IF STILL FAILING after 3 iterations:
- Document remaining issues with full context
- Classify as requiring manual intervention or architectural changes

============================================================
OUTPUT
============================================================

## Fix and Ship Report

### Incident Timeline
| Event | Timestamp (UTC) |
|-------|----------------|
| Reported | {timestamp or "this session"} |
| Fix applied | {timestamp} |
| Tests verified | {timestamp} |
| Deployed | {timestamp or "N/A — manual deploy"} |
| Verified healthy | {timestamp or "N/A"} |
| **MTTR** | **{minutes}m** |

### Hotfix
- **Bug:** {what was broken}
- **Severity:** {P0/P1/P2/P3}
- **Cause:** {root cause}
- **Fix:** {file:line — what changed}
- **PR:** {URL}

### Preflight
- **Verdict:** {READY / NOT READY}
- **Issues:** {list any, or "none"}

### Deployment
- **Target:** {Vercel / Fly.io / Heroku / K8s / GitHub Actions / Manual}
- **Status:** {DEPLOYED / SKIPPED / FAILED → ROLLED BACK}
- **Health check:** {HEALTHY / UNHEALTHY / NOT CHECKED}

### Status: {SHIPPED / DEPLOYED BUT UNHEALTHY / ROLLED BACK / BLOCKED}

{If SHIPPED: "Fix deployed and verified healthy."}
{If DEPLOYED BUT UNHEALTHY: "Deployed but health check failed. Rolled back to previous version. Investigate further."}
{If ROLLED BACK: "Deployment failed. Rolled back. Previous version is serving."}
{If BLOCKED: "Fix or preflight failed. See details above. No deployment attempted."}


============================================================
SELF-EVOLUTION TELEMETRY
============================================================

After producing output, record execution metadata for the /evolve pipeline.

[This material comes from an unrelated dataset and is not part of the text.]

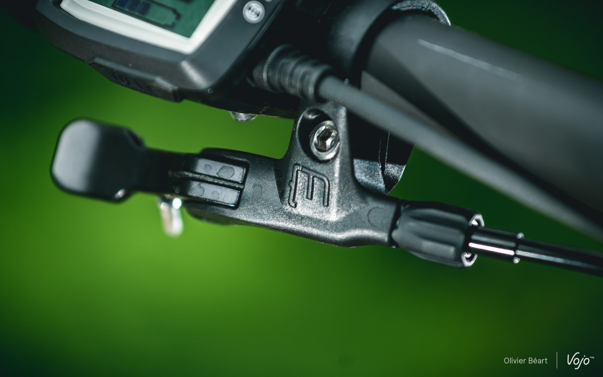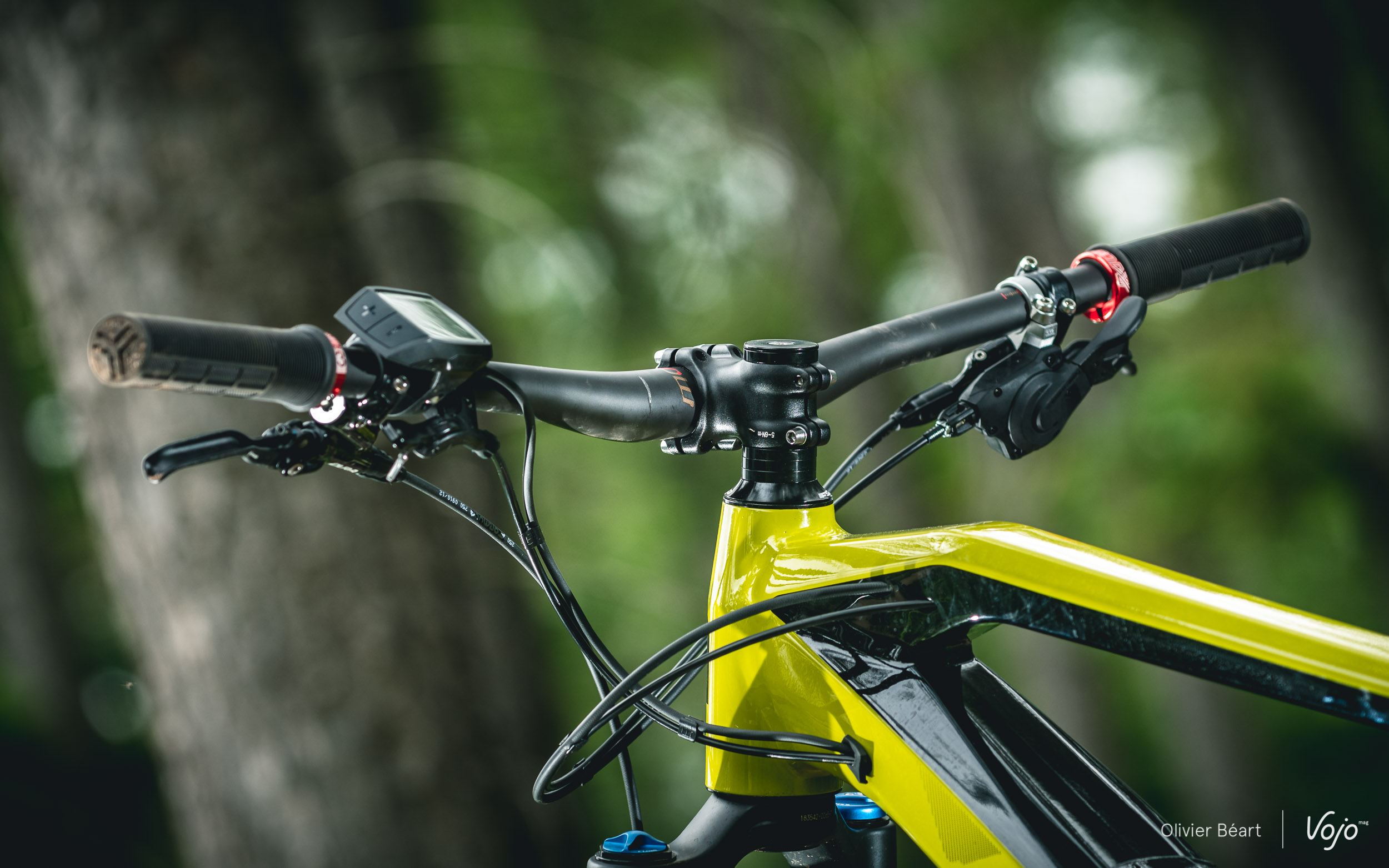 Le poste de pilotage maison se compose d’une potence alu de 50mm de long et d’un cintre en carbone de très belle facture en 760mm de large. Les grips SB3 sont très agréables et, si la commande Bosch n’est pas très esthétique et les informations fournies sur l’écran très sommaires, ses boutons sont bien accessibles et faciles à manipuler.

Check if a project memory directory exists:
- Look for the project path in `~/.claude/projects/`
- If found, append to `skill-telemetry.md` in that memory directory

Entry format:
```
### /fix-and-ship — {{YYYY-MM-DD}}
- Outcome: {{SUCCESS | PARTIAL | FAILED}}
- Self-healed: {{yes — what was healed | no}}
- Iterations used: {{N}} / {{N max}}
- Bottleneck: {{phase that struggled or "none"}}
- Suggestion: {{one-line improvement idea for /evolve, or "none"}}
```

Only log if the memory directory exists. Skip silently if not found.
Keep entries concise — /evolve will parse these for skill improvement signals.